INSTRUCTIONS FOR THE TASK ▸ Please restate the data that follows word for word, with the pictures left out.
-- DATA follows --
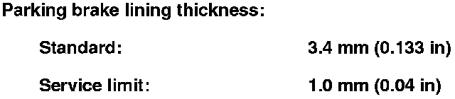 7. If the parking brake lining thickness is less than the service limit, replace all the parking brake shoes as a set.
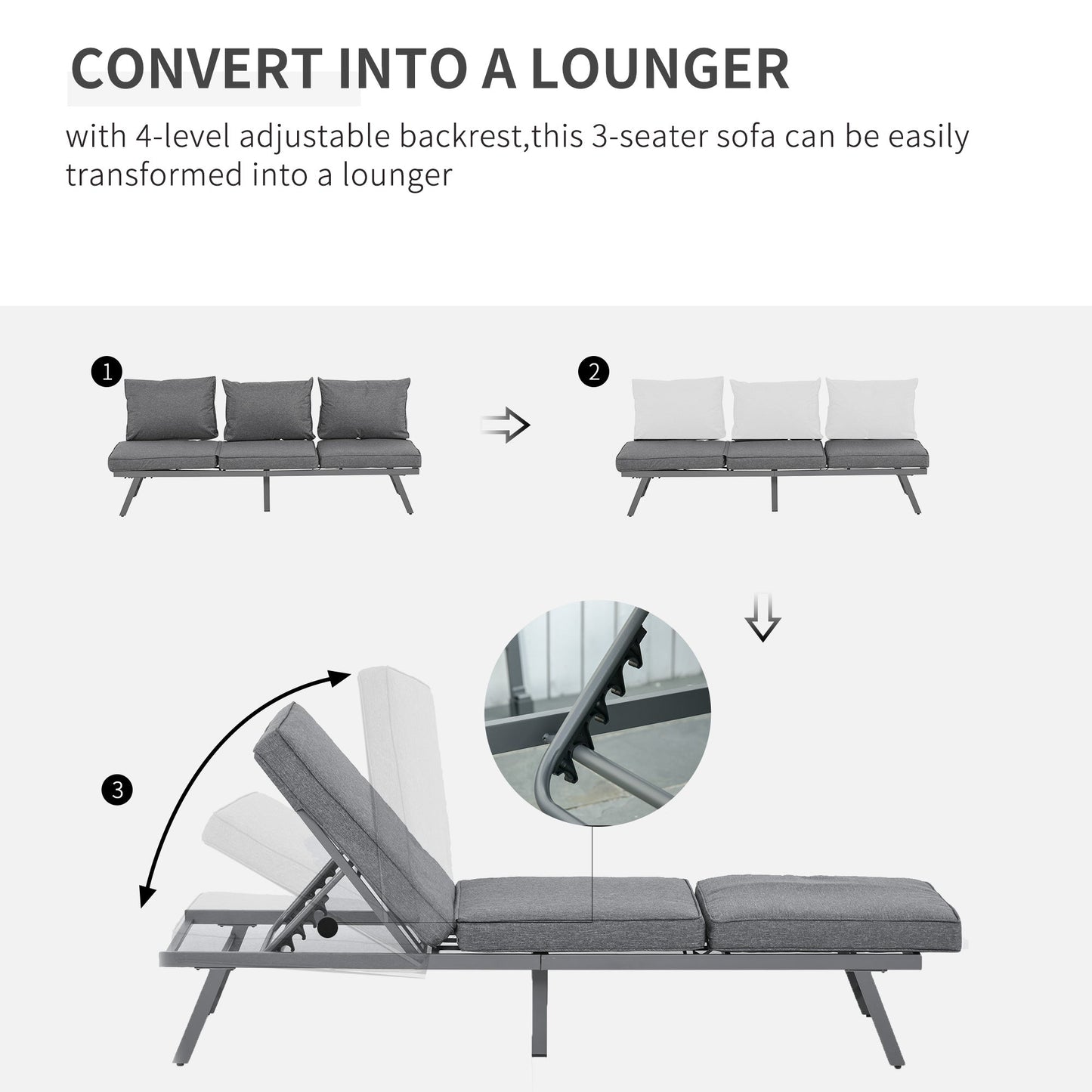 3-Piece Garden Seating Set w/ Convertible Sofa Lounge Table Padded Cushions Outdoor Patio Furniture Couch Grey
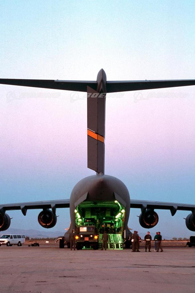 The C-17 Globemaster III can deliver heavy cargo loads over long distances and land on short, unimproved runways close to front lines. Deployed in June 1993, it won the Collier Trophy in 1994. It supported peacekeeping in Bosnia, Operation Allied Force in Kosovo, and the War on Terrorism in Afghanistan. During 2001, U.S. Air Force C-17s also flew more than 200 humanitarian missions, dropping more than 2.4 million ration packages.
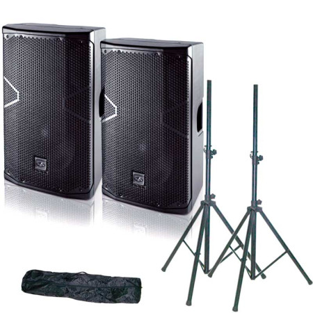 Pack ahorro 2 altavoces VANTEC 15A más pack soportes de suelo.
-- DATA concluded --
TASK SOLUTION ▸
 7. If the parking brake lining thickness is less than the service limit, replace all the parking brake shoes as a set.
 3-Piece Garden Seating Set w/ Convertible Sofa Lounge Table Padded Cushions Outdoor Patio Furniture Couch Grey
 The C-17 Globemaster III can deliver heavy cargo loads over long distances and land on short, unimproved runways close to front lines. Deployed in June 1993, it won the Collier Trophy in 1994. It supported peacekeeping in Bosnia, Operation Allied Force in Kosovo, and the War on Terrorism in Afghanistan. During 2001, U.S. Air Force C-17s also flew more than 200 humanitarian missions, dropping more than 2.4 million ration packages.
 Pack ahorro 2 altavoces VANTEC 15A más pack soportes de suelo.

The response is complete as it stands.